Claudia Heiling: Many operators are still locked into campaign-centric thinking, where success is measured by the performance of individual promotions rather than the overall player journey. This approach made sense when CRM tools were largely manual, but AI now allows us to think differently.
Instead of sending isolated campaigns, operators can build “nudge-focused” journeys that guide players through a more varied and natural experience. These journeys respond continuously to behaviour, adjusting communication, incentives, and timing as the relationship evolves. The missed opportunity lies in failing to connect touchpoints into a cohesive lifecycle strategy. Operators who still treat CRM as a series of one-off pushes often overlook the compounding value of small, well-timed interactions that build trust, loyalty, and long-term engagement.
iGaming Republic: Is there a difference in how legacy sportsbooks and casinos versus new crypto casinos and social platforms approach player engagement, and what can each learn from the other?
Claudia Heiling: Yes, there are clear differences. Legacy operators often have much more experience in compliance, risk management, and long-term customer value, which leads to more structured and sustainable engagement models.

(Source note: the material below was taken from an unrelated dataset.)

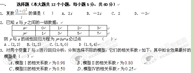 河南省巩义二中10-11学年高二下学期3月段考试卷(数学文)

Newer crypto casinos and social platforms, on the other hand, tend to be faster-moving, more experimental, and highly focused on community dynamics and real-time interaction. They often move faster when testing new features, build stronger community interaction, and adapt player experiences quickly based on feedback.
The opportunity lies in combining these strengths. Traditional operators can learn from the agility and community-driven engagement of newer platforms, while crypto and social operators can benefit from the lifecycle thinking, responsible engagement practices, and data discipline that established brands have developed over years in regulated markets.
iGaming Republic: Outside of AI and technology platforms, what CRM trends do you expect to shape player engagement strategies in 2026, and how should operators prepare for them today?
Claudia Heiling: As personalisation technology becomes more advanced, the competitive edge will increasingly come from the human side of CRM. Creative quality, tone of voice, brand consistency, and trust-building communication will become more important differentiators.
Players will respond not just to relevance, but to how brands make them feel over time. Operators should invest now in stronger creative processes, better storytelling, and clearer brand positioning, supported by technology that amplifies these efforts. AI can optimise delivery, but meaningful engagement will depend on combining smart automation with thoughtful, human-centred communication strategies.